If you have concurrent producers and consumers, you really want the
producer to actually have fully prepared the data before it's visible to
the consumer, which means you need to have a full barrier before
incrementing queue_length.
But you're now incrementing it by just atomic_add(), and atomic_t.txt
says:
- RMW operations that have no return value are unordered;
So I think the producer should have
/*
* adding to queue_length makes the prepared buffers
* visible to the consumer, ensure they're actually
* completely written/visible before
*/
smp_mb__before_atomic();
atomic_add(...);
Or so?
> + atomic_sub(advance, &qi->queue_depth);
>
> - if (qi->queue_depth == 0) {
> - qi->head = 0;
> - qi->tail = 0;
> - }
> - queue_depth = qi->queue_depth;
> - spin_unlock(&qi->tail_lock);
> - return queue_depth;
> + return atomic_read(&qi->queue_depth);
Or just use atomic_sub_return()? Though that also implies a barrier,
which I think isn't needed on the consumer side.

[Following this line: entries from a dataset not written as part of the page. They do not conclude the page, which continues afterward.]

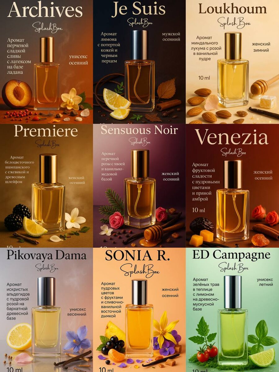 🌼🌼🌼🌼🌼🌼🌼🌼🌼 🌺🌺🌺🌺🌺🌺🌺 🌼🌼🌼🌼🌼🌼🌼🌼🌼 🌼 Ombre De Hyacinth - аромат первой весенней свежести с сиреневым гиацинтом на теплой смолистой базе 🌼Арт. 447416813 🌼 Miu - аромат мокрой травы и весенних цветов с персиком на чистой мускусной базе 🌼Арт. 447416823 🌼 La Capitale - аромат восточных специй с карамелью и фруктами на кожано-ванильной базе 🌼Арт. 447416821 🌼 Amariage Mariage - аромат кремовых белых цветов с цитрусами на ванильно-древесной базе 🌼Арт. 447416819 🌼 Eau De Campagne - аромат зеленых трав в теплице с лимоном на древесно-мускусной базе 🌼Арт. 447416810 🌼 Loukhoum - аромат миндального лукума с розой в ванильной пудре 🌼Арт. 447416812 🌼 Pikovaya Dama - аромат искристых альдегидов с пудровой розой на бархатной древесной базе 🌼Арт. 447416809 🌼 Rykiel - аромат пудровых цветов с фруктами и сливочно-ванильной восточной дымкой 🌼Арт. 447416818 🌼 Venezia - аромат фруктовой сладости с пудровыми цветами и пряной амброй 🌼Арт. 447416820 🌼 Sensuous N
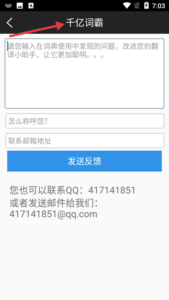 1、千億詞霸的意見反饋頁面,用戶可在此輸入詞典使用問題,填寫稱呼與郵箱地址后發送反饋,也可通過QQ或郵件聯系。
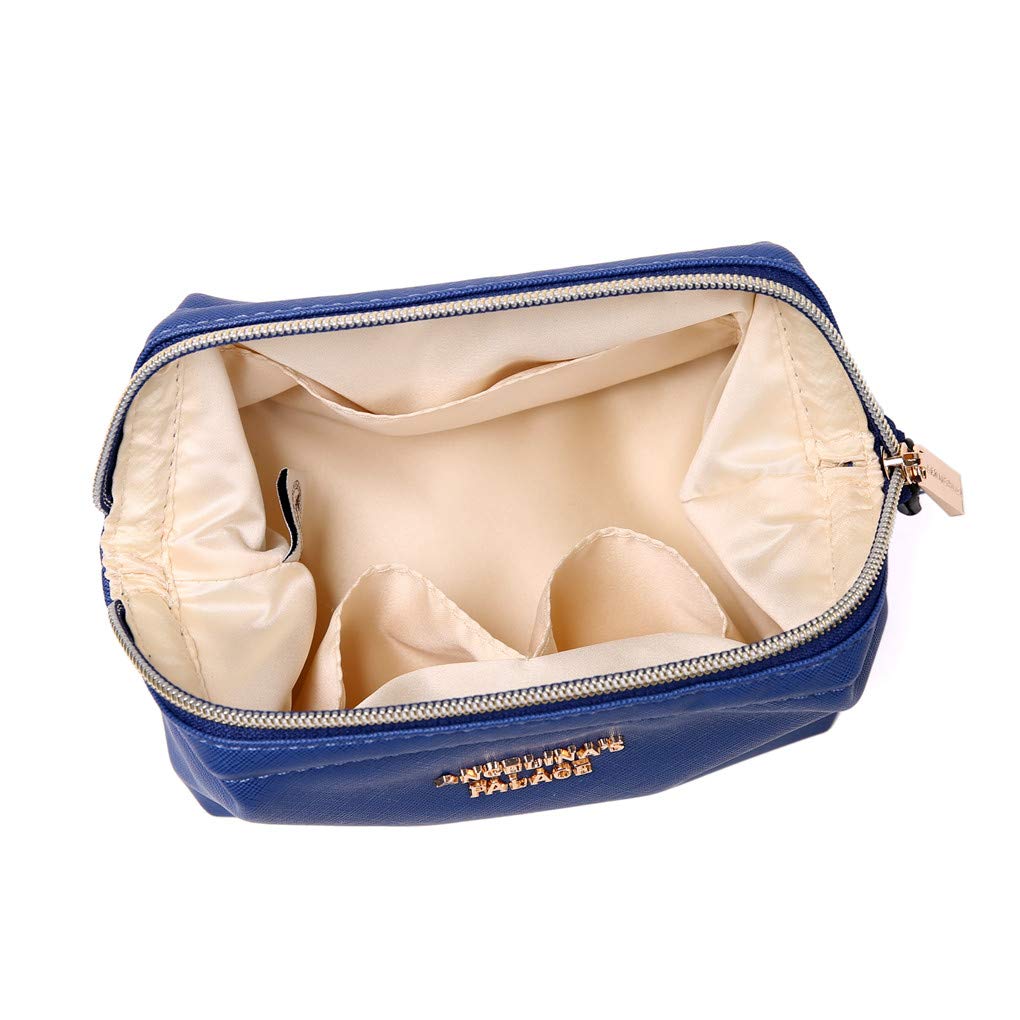 - Measurement: 6.5"Lx4"Wx4.5"H. Zip-top closure extends half-way down both sides for easy access. The bag size is moderate for your makeup and easy to throw in your purse.
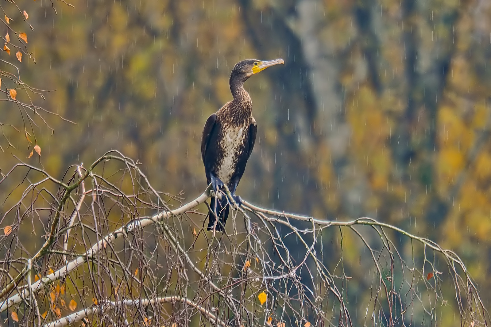 Kormoran w deszczu:
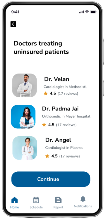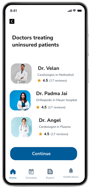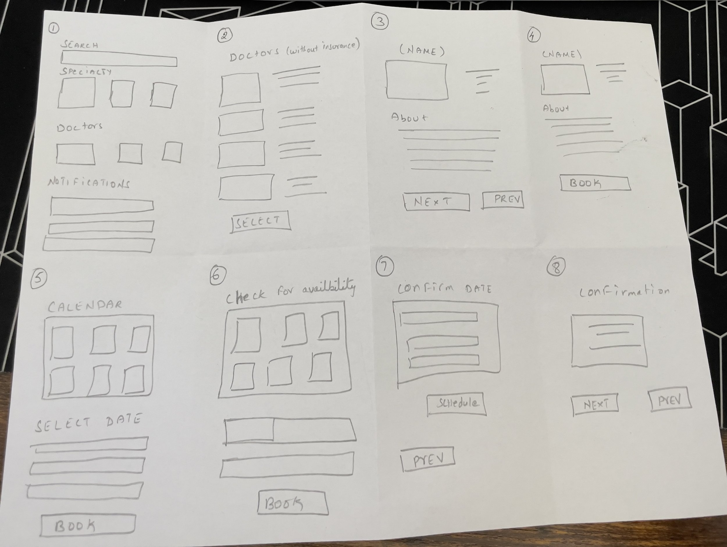 I used MediAid’s data on doctors treating uninsured at low cost to develop interview questions, which, were then used to conduct user interviews. Most interview participants reported feeling frustrated about the difficulties in booking an appointment with specialty doctors when they or their loved ones fell sick. The feedback received through the research made it very clear that the users would be open and happy if they had access to an easy-to-use tool that would help guide them in finding, and booking an appointment with doctors who would take in patients without insurance.
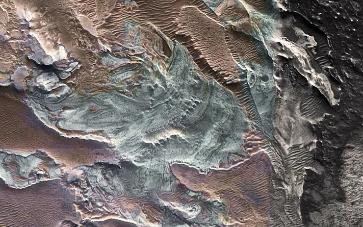 Các mỏ muối (màu xanh nhạt), nơi có khả năng tồn tại sông băng gần xích đạo sao Hỏa (Ảnh: ASA MRO HiRISE)
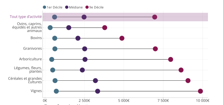 Inégalités entre agriculteurs français : un rapport de 1 à 10 entre les revenus d’activité des 10% les plus pauvres et les 10% les plus riches.

However I think it's clearer to just remove the return value and make
this function void.
> static int vector_advancetail(struct vector_queue *qi, int advance)
> {
> - int queue_depth;
> -
> qi->tail =
> (qi->tail + advance)
> % qi->max_depth;
> - spin_lock(&qi->head_lock);
> - qi->queue_depth += advance;
> - queue_depth = qi->queue_depth;
> - spin_unlock(&qi->head_lock);
> - return queue_depth;
> + atomic_add(advance, &qi->queue_depth);
> + return atomic_read(&qi->queue_depth);
> }
Or maybe here instead of the barrier use atomic_add_return() which
implies a full barrier on both sides, but I don't think you need that,
the barrier before is enough?
> @@ -411,61 +386,58 @@ static int vector_send(struct vector_queue *qi)

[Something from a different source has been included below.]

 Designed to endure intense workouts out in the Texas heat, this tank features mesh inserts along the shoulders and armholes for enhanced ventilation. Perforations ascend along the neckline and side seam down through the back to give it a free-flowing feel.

> int result = 0, send_len, queue_depth = qi->max_depth;
>
> if (spin_trylock(&qi->head_lock)) {
[...]
> + /* update queue_depth to current value */
> + queue_depth = atomic_read(&qi->queue_depth);
> + while (queue_depth > 0) {
I think it'd be clearer to write this as
while ((queue_depth = atomic_read(...))) {
and simply not modify the queue_depth to the return value of
consume_vector_skbs() here:
[...]
> + if (result > 0) {
> + queue_depth =
> + consume_vector_skbs(qi, result);
> + /* This is equivalent to an TX IRQ.
> + * Restart the upper layers to feed us
> + * more packets.
> */
> - if (result != send_len) {
> - vp->estats.tx_restart_queue++;
> - break;
> - }
> + if (result > vp->estats.tx_queue_max)

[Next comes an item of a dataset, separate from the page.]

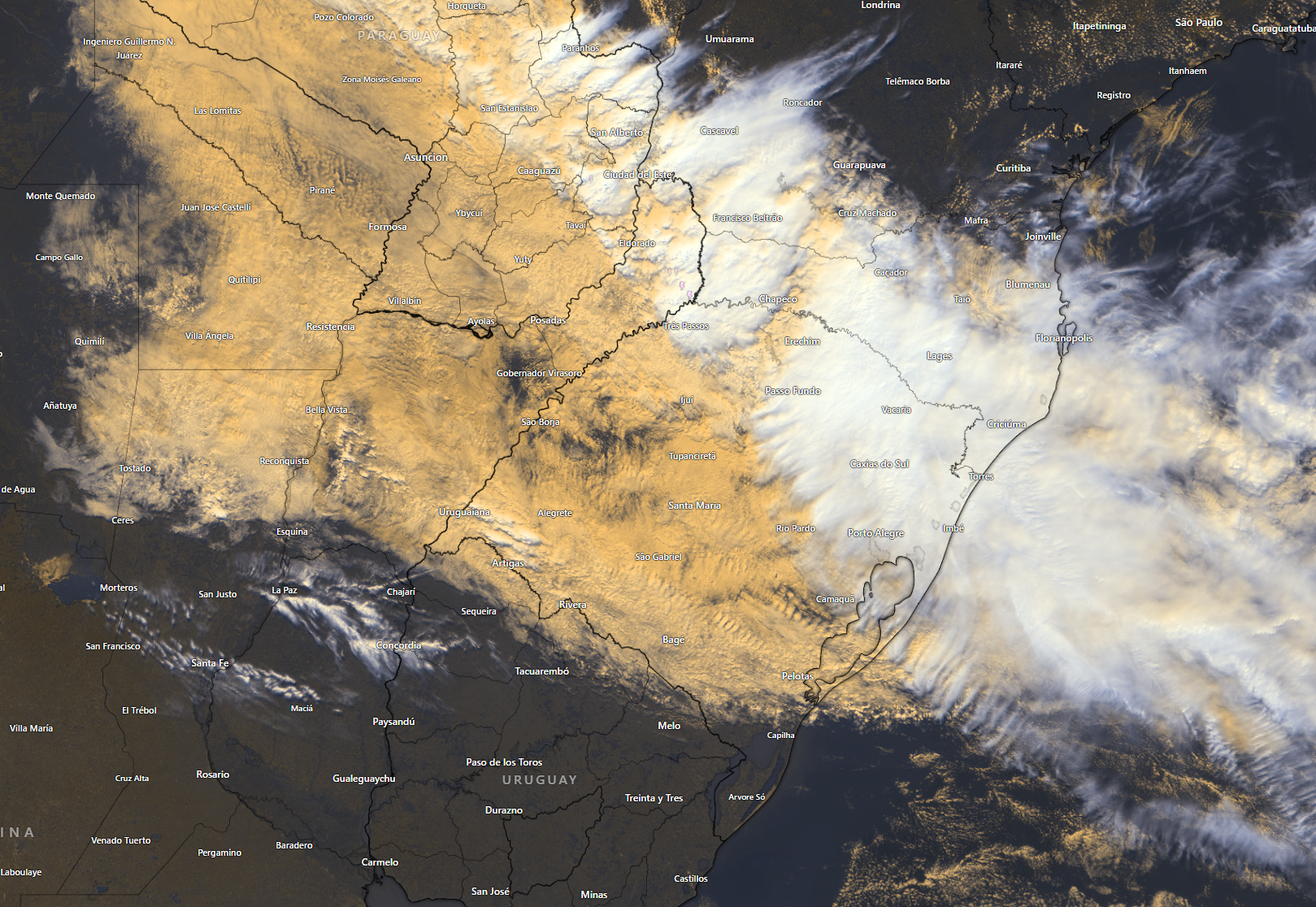 Gabriel Cardoso Posted June 19, 2025 at 08:20 PM Share Posted June 19, 2025 at 08:20 PM Enquanto as belas MP's previstas não chegam...por aqui mais um dia nublado com variação de 13,3°C a 16,6°C. Mas, diferente de ontem, hoje não choveu. Como comentei anteriormente, a Massa polar bloqueou no Uruguai, mais precisamente na fronteira, tendo em vista que Jaguarão (130km à SO em linha reta daqui) teve mínima de 5°C na estação do INMET. A belezinha atual bloqueada: 20 Link to comment Share on other sites More sharing options...
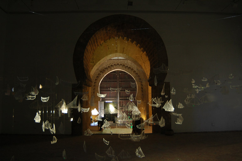 „Pensées entre les vagues“ (2006): Ein dunkler Gewölberaum. Auf dem Boden eine wolkenbettartige Ansammlung scheinbar herkömmlicher Plastikfetzen. Bei näherem Hinsehen formiert sich diese jedoch zu einem Meer kleiner Boote, die in das illuminierte Kuppelgewölbe emporzusteigen, sich in ihrer Bewegung jedoch gleichsam wieder zu entmaterialisieren scheinen. Während ihr Schatten schemenhaft ein bewegtes Nachbild ihrer Selbst auf die Wände zeichnet. Es ist schwer zu sagen, ob die aufgrund ihrer materiellen Transparenz fragilen Objekte oder aber ihre Schatten unserer visuellen Wahrnehmung körperhafter und somit realer, näher an der Wirklichkeit erscheinen.

> + vp->estats.tx_queue_max = result;
> + vp->estats.tx_queue_running_average =
> + (vp->estats.tx_queue_running_average + result) >> 1;
> + }
> + netif_wake_queue(qi->dev);
> + /* if TX is busy, break out of the send loop,
> + * poll write IRQ will reschedule xmit for us
> + */
> + if (result != send_len) {
> + vp->estats.tx_restart_queue++;
> + break;
> }
> }
The loop doesn't need queue_depth until it goes back to the beginning
anyway.
(it probably also never even executes twice unless you actually have SMP
or preemption?)
> @@ -675,11 +647,13 @@ static void prep_queue_for_rx(struct vector_queue *qi)
> struct vector_private *vp = netdev_priv(qi->dev);
> struct mmsghdr *mmsg_vector = qi->mmsg_vector;
> void **skbuff_vector = qi->skbuff_vector;
> - int i;
> + int i, queue_depth;
> +
> + queue_depth = atomic_read(&qi->queue_depth);
>
> - if (qi->queue_depth == 0)
> + if (queue_depth == 0)
> return;
> - for (i = 0; i < qi->queue_depth; i++) {
> + for (i = 0; i < queue_depth; i++) {
> /* it is OK if allocation fails - recvmmsg with NULL data in
> * iov argument still performs an RX, just drops the packet
> * This allows us stop faffing around with a "drop buffer"
> @@ -689,7 +663,7 @@ static void prep_queue_for_rx(struct vector_queue *qi)
> skbuff_vector++;
> mmsg_vector++;
> }
> - qi->queue_depth = 0;
> + atomic_set(&qi->queue_depth, 0);
atomic_read() and then atomic_set() rather than atomic_sub() seems
questionable, but you didn't have locks here before so maybe this is
somehow logically never in parallel? But it is done in NAPI polling via
vector_mmsg_rx(), so not sure I understand.
> @@ -987,7 +961,7 @@ static int vector_mmsg_rx(struct vector_private *vp, int budget)
> * many do we need to prep the next time prep_queue_for_rx() is called.
> */
>
> - qi->queue_depth = packet_count;
> + atomic_add(packet_count, &qi->queue_depth);
>
> for (i = 0; i < packet_count; i++) {
> skb = (*skbuff_vector);
especially since here you _did_ convert to atomic_add().